[MATERIAL SUPPLIED]
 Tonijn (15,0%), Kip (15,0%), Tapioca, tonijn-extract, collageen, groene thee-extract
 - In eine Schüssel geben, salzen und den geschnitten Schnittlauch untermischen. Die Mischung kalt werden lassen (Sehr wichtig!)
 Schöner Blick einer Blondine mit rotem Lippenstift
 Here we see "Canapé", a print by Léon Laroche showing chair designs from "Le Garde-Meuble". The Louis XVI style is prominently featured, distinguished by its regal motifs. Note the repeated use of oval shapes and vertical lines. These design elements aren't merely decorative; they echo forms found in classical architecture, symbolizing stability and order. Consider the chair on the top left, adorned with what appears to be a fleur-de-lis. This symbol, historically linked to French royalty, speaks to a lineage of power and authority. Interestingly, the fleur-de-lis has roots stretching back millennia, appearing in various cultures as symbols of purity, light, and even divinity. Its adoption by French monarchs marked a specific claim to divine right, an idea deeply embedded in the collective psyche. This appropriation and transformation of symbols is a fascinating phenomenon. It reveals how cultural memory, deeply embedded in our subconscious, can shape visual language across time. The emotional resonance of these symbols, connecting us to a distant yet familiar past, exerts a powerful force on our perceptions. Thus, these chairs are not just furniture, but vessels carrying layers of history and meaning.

---

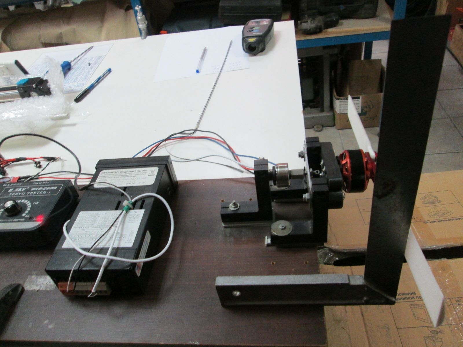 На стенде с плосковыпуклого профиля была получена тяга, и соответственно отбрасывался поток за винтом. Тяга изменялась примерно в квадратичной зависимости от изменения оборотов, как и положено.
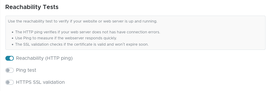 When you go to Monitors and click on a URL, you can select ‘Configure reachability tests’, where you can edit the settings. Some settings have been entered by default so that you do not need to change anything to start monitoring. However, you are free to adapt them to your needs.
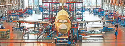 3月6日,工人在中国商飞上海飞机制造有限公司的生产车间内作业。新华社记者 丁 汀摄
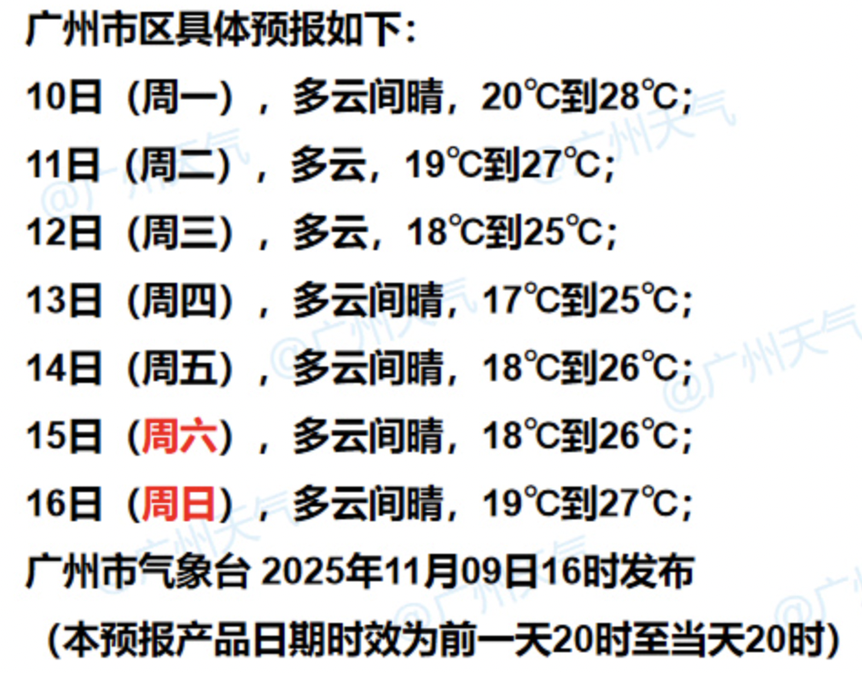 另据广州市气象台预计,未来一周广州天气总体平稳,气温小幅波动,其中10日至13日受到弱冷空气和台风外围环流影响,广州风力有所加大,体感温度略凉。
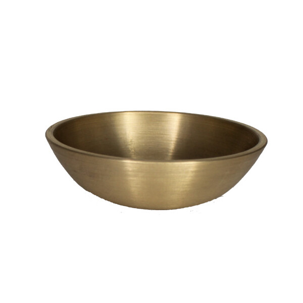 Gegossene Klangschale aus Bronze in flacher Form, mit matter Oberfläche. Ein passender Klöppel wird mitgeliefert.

[TASK]
Working from the material above, restate word for word the lines between the line with "Tonijn (15,0%), Kip" and the line with "Schöner Blick einer", both included, and only those.

[EXERCISE SOLUTION]
 Tonijn (15,0%), Kip (15,0%), Tapioca, tonijn-extract, collageen, groene thee-extract
 - In eine Schüssel geben, salzen und den geschnitten Schnittlauch untermischen. Die Mischung kalt werden lassen (Sehr wichtig!)
 Schöner Blick einer Blondine mit rotem Lippenstift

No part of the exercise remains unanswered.